Automatic Mixed Precision#

Created On: Sep 30, 2025 | Last Updated On: Sep 30, 2025

Background#

Automatic Mixed Precision (AMP) enables the use of both single precision (32-bit) and half precision (16-bit) floating point types during training or inference.

Key components include:

Autocast: Automatically casts operations to lower-precision (e.g., float16 or bfloat16) to improve performance while maintaining accuracy.
Gradient Scaling: Dynamically scales gradients during backpropagation to prevent underflow when training with mixed precision.

Design#

Casting Strategy#

The CastPolicy is used to define type conversion rules. Each enum value represents a set of type conversion requirements for a group of operators, ensuring consistent handling of operations that prioritize either precision or performance.

Policy	Explanation
`lower_precision_fp`	Cast all inputs to `lower_precision_fp` before execute the op.
`fp32`	Cast all inputs to `at::kFloat` before running the op.
`fp32_set_opt_dtype`	Execution in `at::kFloat`, while respecting user-specified output dtype if provided.
`fp32_append_dtype`	Append at::kFloat to the args and redispatch to the type-aware overload
`promote`	Promote all inputs to the “widest” dtype before execution.

Operators Lists#

PyTorch defines a general list of operators for each of casting strategies mentioned above, as a reference for developers of new accelerators.

Policy	Operators List
`lower_precision_fp`	List Link
`fp32`	List Link
`fp32_set_opt_dtype`	List Link
`fp32_append_dtype`	List Link
`promote`	List Link

Implementation#

Python Integration#

Implement the get_amp_supported_dtype method to return the data types supported by the new accelerator in the AMP context.

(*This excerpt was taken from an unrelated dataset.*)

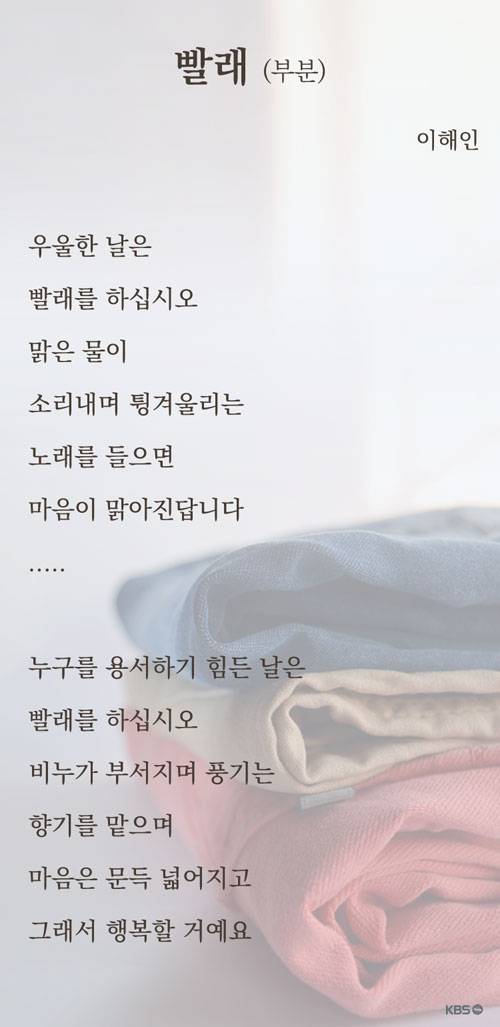 그런가 하면 가지런히 놓여있는 세탁물을 좀 다른 시선으로 바라보는 시인도 있습니다.
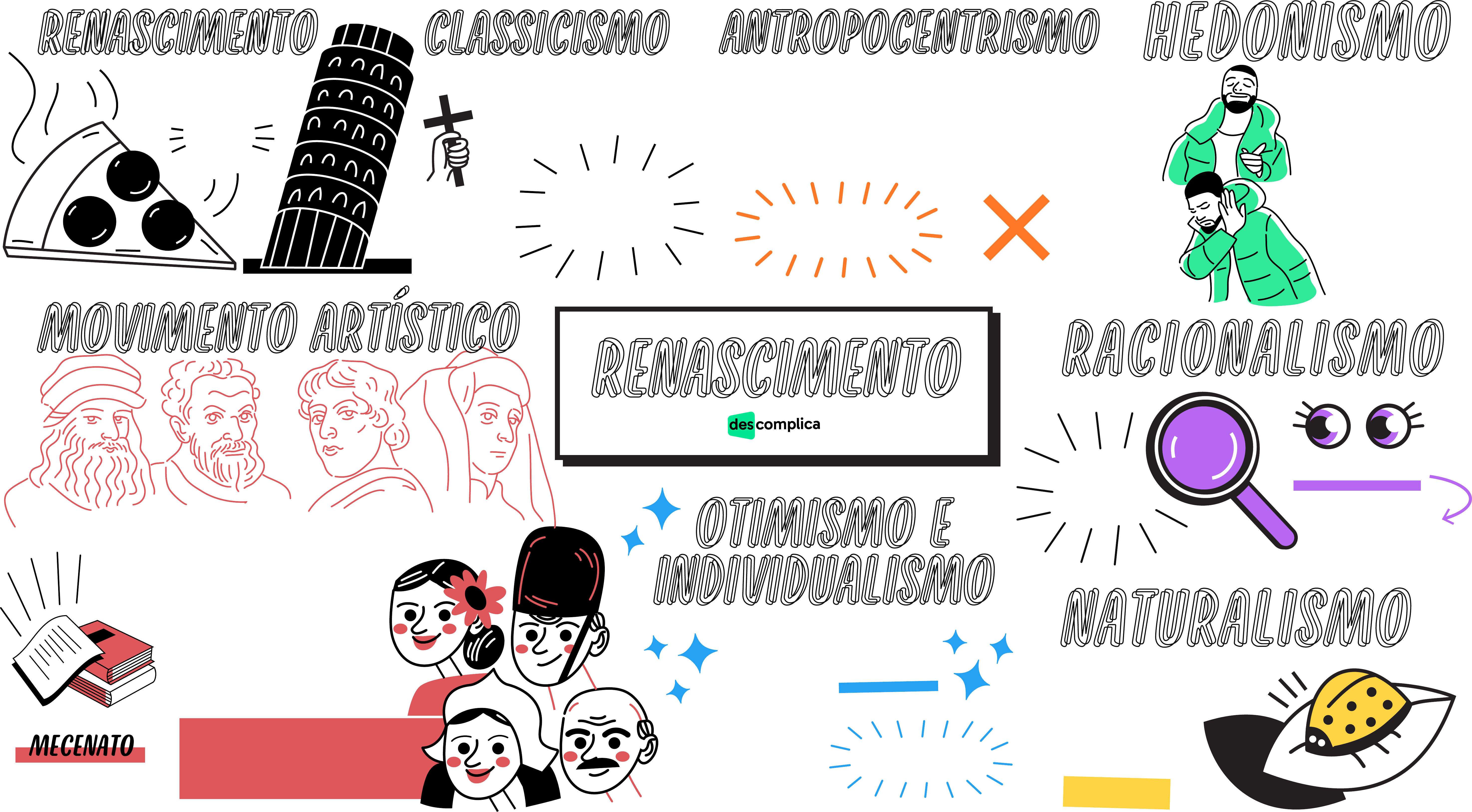 Espanha, Inglaterra Holanda e Portugalnobres mercadores Trecento (séc. XIV) Quattrocento (séc. XV) Cinquecento (séc. XVI) DANTE E CAMÕES Leonardo da Vinci, Michelangelo, Botticelli e Giotto MOVIMENTO ARTÍSTICOMOVIMENTO ARTÍSTICO IndividualistasProgresso social descobertas por conta da sua própria capacidade OTIMISMO E INDIVIDUALISMO OTIMISMO E INDIVIDUALISMO Natureza relação entre o homem e seu meio NATURALISMONATURALISMO observação experimentos RAZÃO HUMANA RACIONALISMORACIONALISMO Prazeres materiais e sensoriais Idade Média HEDONISMOHEDONISMO TeocentrismoPROTAGONISTA “Anthropos” + “kentron” (homem) (centro) ANTROPOCENTRISMOANTROPOCENTRISMO Vontades do homem Igreja Católica conceitos racionais e humanistas CLASSICISMOCLASSICISMO Idade Moderna ITÁLIA RENASCIMENTORENASCIMENTO RENASCIMENTORENASCIMENTO

def get_amp_supported_dtype():
    return [torch.float16, torch.bfloat16]

C++ Integration#

This section shows how AMP registers autocast kernels for the AutocastPrivateUse1 dispatch key.

Register a fallback that makes unhandled ops fall through to their normal implementations.
Register specific aten kernels under AutocastPrivateUse1 using the KERNEL_PRIVATEUSEONE helper macro, which maps an op to the desired precision implementation (with enum at::autocast::CastPolicy)

TORCH_LIBRARY_IMPL(_, AutocastPrivateUse1, m) {
  m.fallback(torch::CppFunction::makeFallthrough());
}

TORCH_LIBRARY_IMPL(aten, AutocastPrivateUse1, m) {
  // lower_precision_fp
  KERNEL_PRIVATEUSEONE(mm, lower_precision_fp)

  // fp32
  KERNEL_PRIVATEUSEONE(asin, fp32)

  m.impl(
      TORCH_SELECTIVE_NAME("aten::binary_cross_entropy"),
      TORCH_FN((&binary_cross_entropy_banned)));
}